We use loss_function="Poisson" for frequency, which gives the log-link Poisson GLM objective. The sample weights are earned exposure years — this ensures that a policy with 0.3 car-years gets one-third the influence of a full-year policy.

For severity, "Gamma" fits a Gamma with log-link. We model average claim cost per claim (incurred divided by claim count) on the claims-only subset. This is standard actuarial practice: including zero-claim policies in the severity model would bias the estimate downward.

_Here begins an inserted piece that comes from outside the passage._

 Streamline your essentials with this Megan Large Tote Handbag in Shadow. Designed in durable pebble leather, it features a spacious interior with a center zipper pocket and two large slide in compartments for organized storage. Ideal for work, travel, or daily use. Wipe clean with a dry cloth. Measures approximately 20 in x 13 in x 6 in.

One honest note: a Gradient Boosting Machine will generally outperform a GLM in Gini terms. Whether that is worth the explainability cost is a business decision. Our view is that for UK personal lines motor, the GBM wins on price accuracy and the SHAP relativity extraction (next section) recovers most of the explainability.

4. Extracting Rating Factors with `shap-relativities`

This is where most GBM pricing tutorials end with a gesture at SHAP waterfall charts and move on. That is not sufficient for production. Your underwriting system — whether that is Radar, Emblem, or an in-house factor engine — expects a table of multiplicative relativities: a base rate, then a factor per rating variable per level. A GLM produces these directly via exp(beta). A GBM does not, until now.

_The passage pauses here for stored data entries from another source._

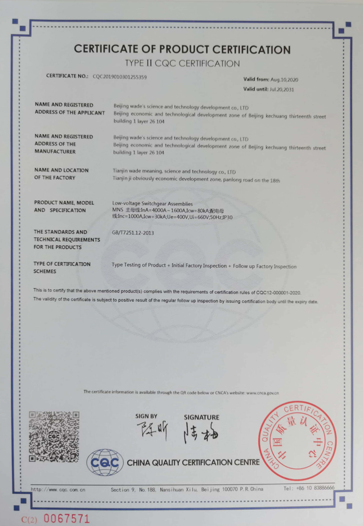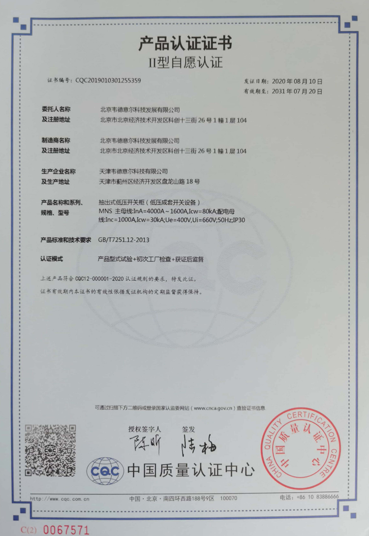 MNS型低壓開關(guān)柜產(chǎn)品認證證書
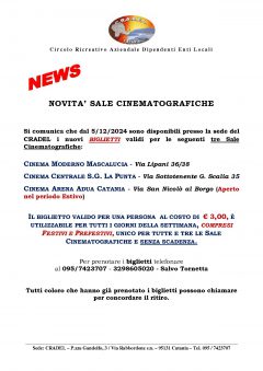 BIGLIETTO CINEMA UNICO PER TRE SALE
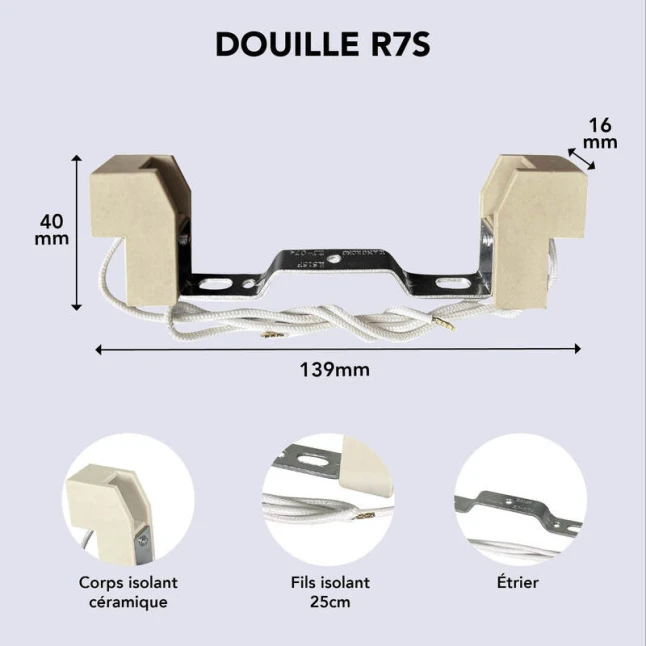 Le corps isolant en céramique (stéatite) est pensé pour supporter les températures élevées rencontrées avec certaines lampes R7S. La douille accepte jusqu’à 1000 W maximum, pour couvrir de nombreux projecteurs et luminaires puissants. Les fils silicone haute température, section 1,5 mm², longueur 25 cm, sont donnés pour 250 °C : un vrai plus pour limiter le vieillissement des connexions et gagner du temps en atelier.
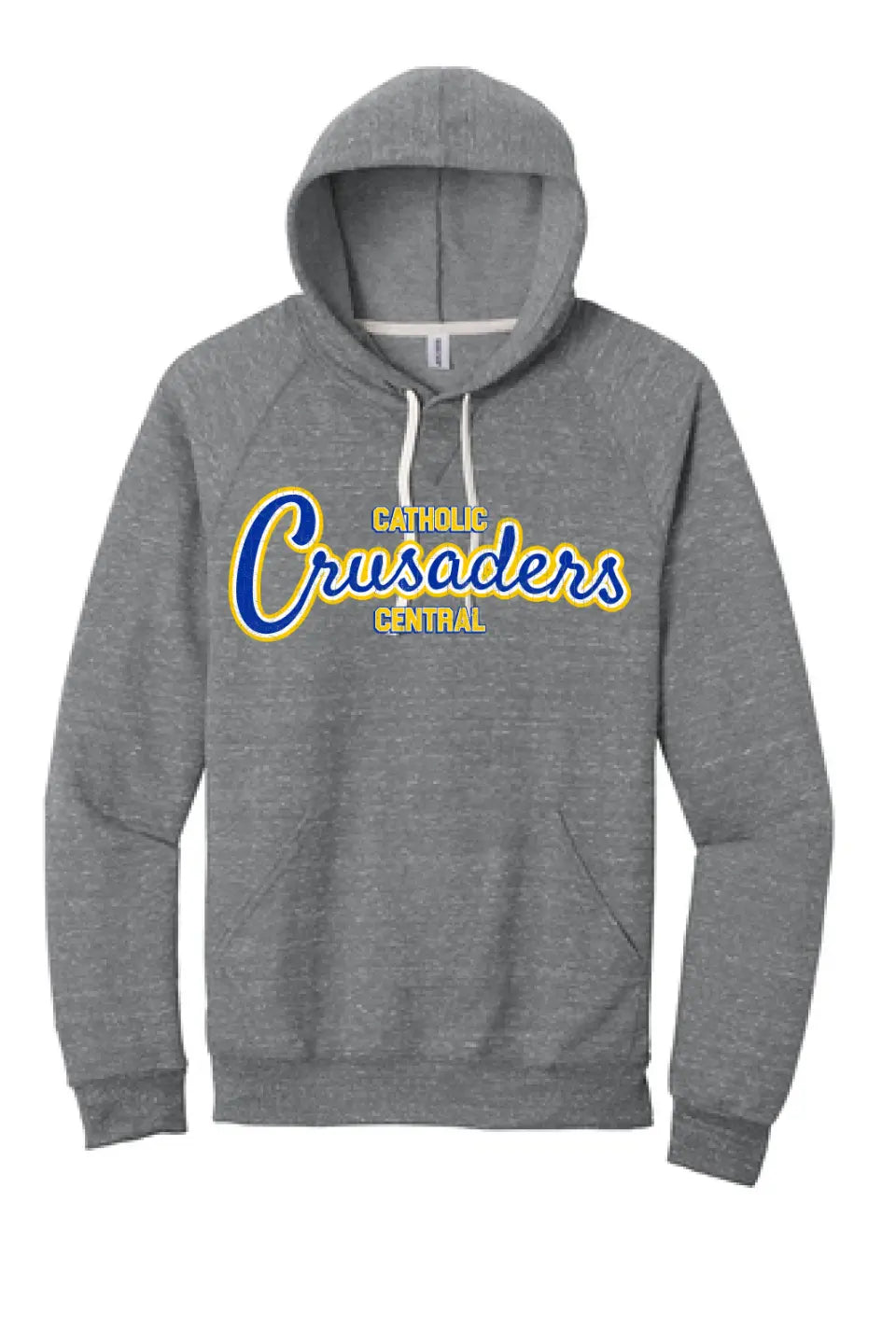 Steubenville Catholic Central Distressed Crusaders Script Jerzees Snow Heather French Terry Raglan Hoodie
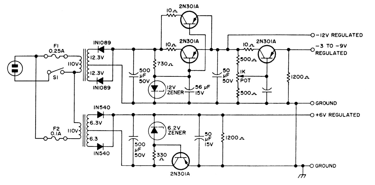 This multiple power source, with two transformers was found in American documentation from the 1980s. Power transistors have equivalents and must be equipped with good heat sinks. The transformers are according to the voltages and currents of each sector.
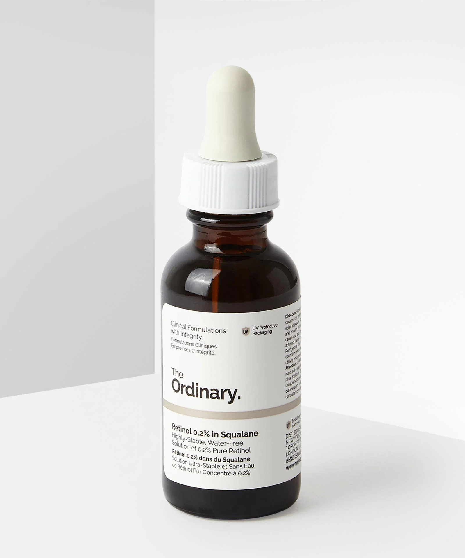 Retinol 0.2% in Squalane offers a water-free solution containing 0.2% retinol—an ingredient that improves the appearance of fine and dynamic lines that arise from a loss of collagen and elastin, while
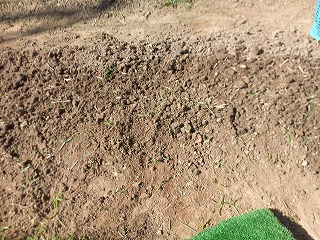 雑草取り兼ねての、鉢から路地への土地慣らしを・・・太陽を浴びながら家の中よりも温かい! 植替え準備完了!
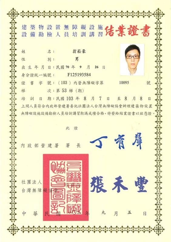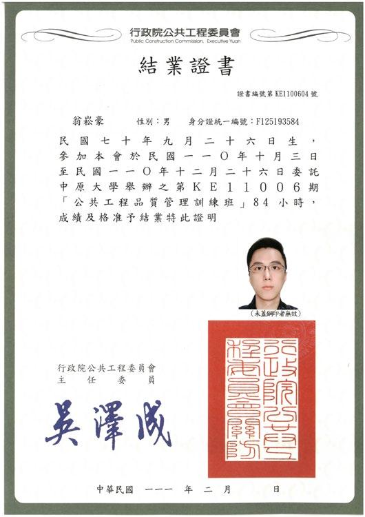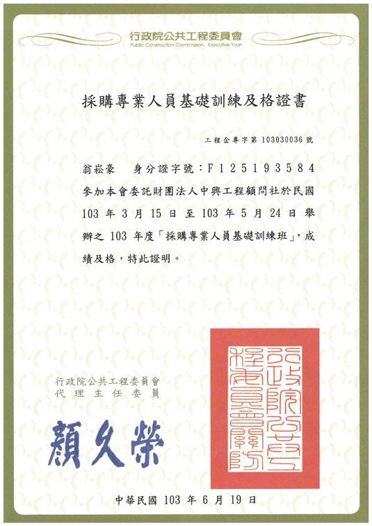 主持建築師多年深根公共工程已取得 採購專業人員 專業證照、建
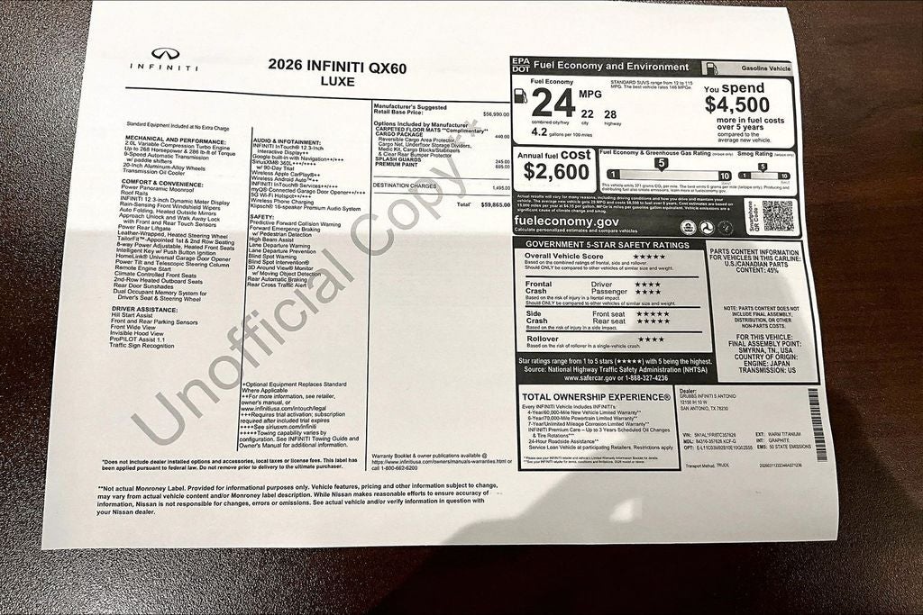 Grubbs INFINITI of San Antonio The only Authorized INFINITI Dealer in San Antonio with the largest New and Pre-Owned INFINITI Selection in the area. This 2026 INFINITI QX60 LUXE comes with 3 Year INFINITI Recommended Maintenance Included at no charge and is loaded with the following Factory Options: Cargo Package (Cargo Blocks, Cargo Mat, Cargo Net, Clear Rear Bumper Film, and Medic Kit), 16 Speakers, 3rd row seats: bench, 4-Wheel Disc Brakes, ABS brakes, Air Conditioning, Alloy wheels, AM/FM radio: SiriusXM with 360L, Anti-whiplash front head restraints, Apple CarPlay/Android Auto, Auto High-beam Headlights, Auto tilt-away steering wheel, Auto-dimming door mirrors, Auto-dimming Rear-View mirror, Automatic temperature control, Bose Performance Series 17-Speaker Sound System, Brake assist, Bumpers: body-color, Climate Controlled Front Bucket Seats, Delay-off headlights, Driver door bin, Driver vanity mirror, Dual front impact airbags, Dual front side impact airbags, Electronic Stability Control, Emergency communication system: INFINITI InTouch, Four wheel independent suspension, Front anti-roll bar, Front Bucket Seats, Front Center Armrest, Front dual zone A/C, Front reading lights, Fully automatic headlights, Garage door transmitter: HomeLink, Heated door mirrors, Heated front seats, Heated rear seats, Heated steering wheel, Illuminated entry, Knee airbag, Leather Shift Knob, Leather steering wheel, Low tire pressure warning, Memory seat, Navigation system: Google Built-in, Occupant sensing airbag, Outside temperature display, Overhead airbag, Overhead console, Panic alarm, Passenger door bin, Passenger vanity mirror, Power door mirrors, Power driver seat, Power Liftgate, Power moonroof: Panoramic, Power passenger seat, Power steering, Power windows, Premium Paint, Radio data system, Radio: Klipsch Premium Audio System, Rain sensing wipers, Rear air conditioning, Rear anti-roll bar, Rear reading lights, Rear seat center armrest, Rear side impact airbag, Rear window defroster, Rear window wiper, Reclining 3rd row seat, Remote keyless entry, Security system, Speed control, Speed-sensing steering, Speed-Sensitive Wipers, Splash Guards, Split folding rear seat, Spoiler, Steering wheel memory, Steering wheel mounted audio controls, Tachometer, Tailorfit-Appointed Seating Surfaces, Telescoping steering wheel, Tilt steering wheel, Traction control, Trip computer, Turn signal indicator mirrors, Variably intermittent wipers, Ventilated front seats, and Wheels: 20 x 8J Machined Aluminum Alloy!! Priced below KBB Fair Purchase Price!

shap-relativities converts TreeSHAP values from a log-link GBM into exactly that table. Each factor level gets an exposure-weighted mean SHAP value, converted to a multiplier with CLT confidence intervals.

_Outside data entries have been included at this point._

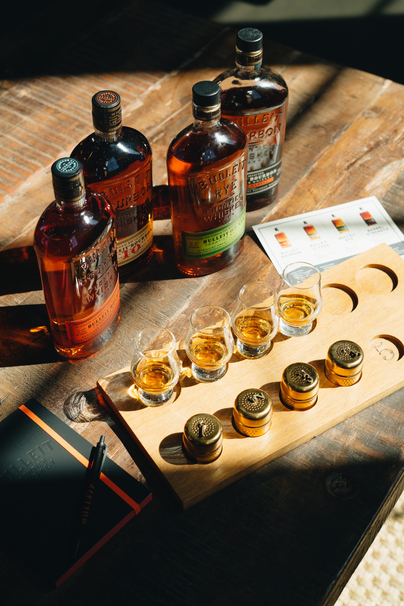The Anatomy of a Single Barrel - The perfect way to elevate your bourbon tasting experience. Enjoy three different single barrel samples in your private tasting room, exploring the notes of each specific yeast strain, and how they contribute to the overall flavor profile. A fourth sample is included, the flagship Bulleit Bourbon, to symbolize the finished product. Includes a locally made chocolate caramel.
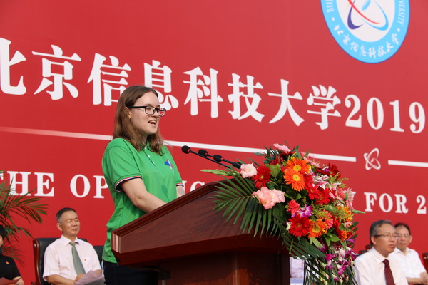 仪器科学与光电工程学院2019级测控技术与仪器专业的李舰飞同学作为新生代表发言。他号召同学们以优秀的学长为榜样,立鸿鹄志,做奋斗者,在信息科大努力成长为最好的自己。来自俄罗斯的2019级英语专业绿桑同学作为外国留学生代表发言。她分享了自己学习汉语,求学中国的经历,表达了对中国的热爱,以及对未来在信息科大大学生活的美好期待。六位在校生代表以诗朗诵的方式,分享了自己大学四年生活的感悟,号召师弟师妹们凝聚青春之力量,共筑驰宏之梦想,共同汲取智慧和力量,让信息科大的旗帜迎着新时代的朝阳一起扬帆远航!
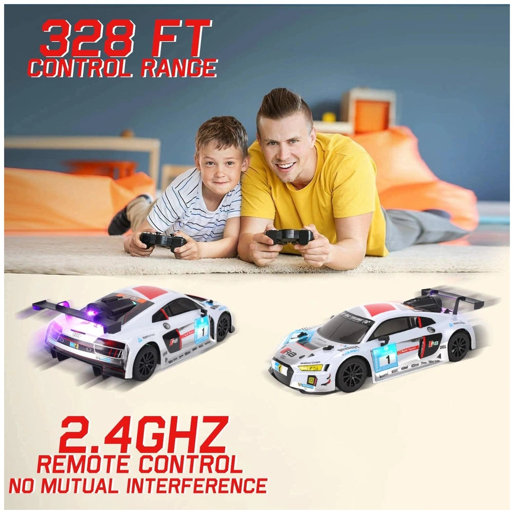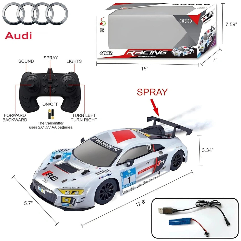 Adding to the immersive experience, the Audi R8 features realistic engine sounds that activate with the controller. This auditory element enhances the thrill of driving, making you feel as though you're behind the wheel of a real sports car. Coupled with fun music that plays during operation, this RC vehicle offers a multi-sensory experience that elevates the enjoyment of playtime.
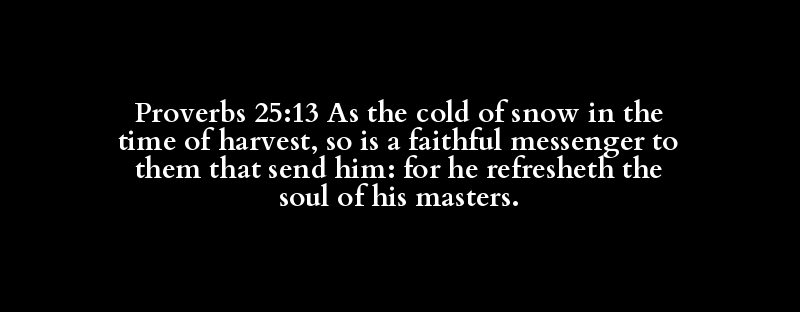 Proverbs 25:13 As the cold of snow in the time of harvest, so is a faithful messenger to them that send him: for he refresheth the soul of his masters.
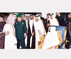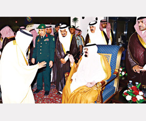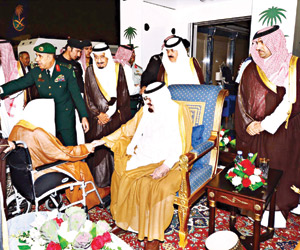 وفي ساحة المطار كان في استقباله أصحاب السمو الملكي الأمراء، والوزراء وكبار المسؤولين من مدنيين وعسكريين وجمع غفير من المواطنين.

from shap_relativities import SHAPRelativities

X_train_pl = train.select(FREQ_FEATURES)

sr = SHAPRelativities(
    model=freq_model,
    X=X_train_pl,
    exposure=train["exposure"],
    categorical_features=["age_band", "area"],
)
sr.fit()

 rels = sr.extract_relativities(
    normalise_to="base_level",
    base_levels={"area": "A", "age_band": "40-59"},
)

print(rels.filter(pl.col("feature") == "area"))

Output looks like:

shape: (6, 9)
┌─────────┬───────┬────────────┬──────────┬──────────┬───────────┬──────────┬───────┬────────────────┐
│ feature ┆ level ┆ relativity ┆ lower_ci ┆ upper_ci ┆ mean_shap ┆ shap_std ┆ n_obs ┆ exposure_weight│
│ ---     ┆ ---   ┆ ---        ┆ ---      ┆ ---      ┆ ---       ┆ ---      ┆ ---   ┆ ---            │
│ str     ┆ str   ┆ f64        ┆ f64      ┆ f64      ┆ f64       ┆ f64      ┆ i64   ┆ f64            │
╞═════════╪═══════╪════════════╪══════════╪══════════╪═══════════╪══════════╪═══════╪════════════════╡
│ area    ┆ A     ┆ 1.000      ┆ 1.000    ┆ 1.000    ┆ 0.000     ┆ …        ┆ …     ┆ …              │
│ area    ┆ B     ┆ 1.104      ┆ 1.088    ┆ 1.121    ┆ 0.099     ┆ …        ┆ …     ┆ …              │
│ area    ┆ C     ┆ 1.218      ┆ 1.203    ┆ 1.233    ┆ 0.197     ┆ …        ┆ …     ┆ …              │
│ area    ┆ D     ┆ 1.401      ┆ 1.384    ┆ 1.419    ┆ 0.337     ┆ …        ┆ …     ┆ …              │
│ area    ┆ E     ┆ 1.633      ┆ 1.610    ┆ 1.657    ┆ 0.490     ┆ …        ┆ …     ┆ …              │
│ area    ┆ F     ┆ 1.908      ┆ 1.876    ┆ 1.941    ┆ 0.646     ┆ …        ┆ …     ┆ …              │

Compare that to the true DGP parameters (area_B=0.10, area_C=0.20, …, area_F=0.65 in log-space). The GBM recovers these with reasonable fidelity on 50,000 policies. On a real portfolio the recovery will be noisier due to correlated features and class imbalance.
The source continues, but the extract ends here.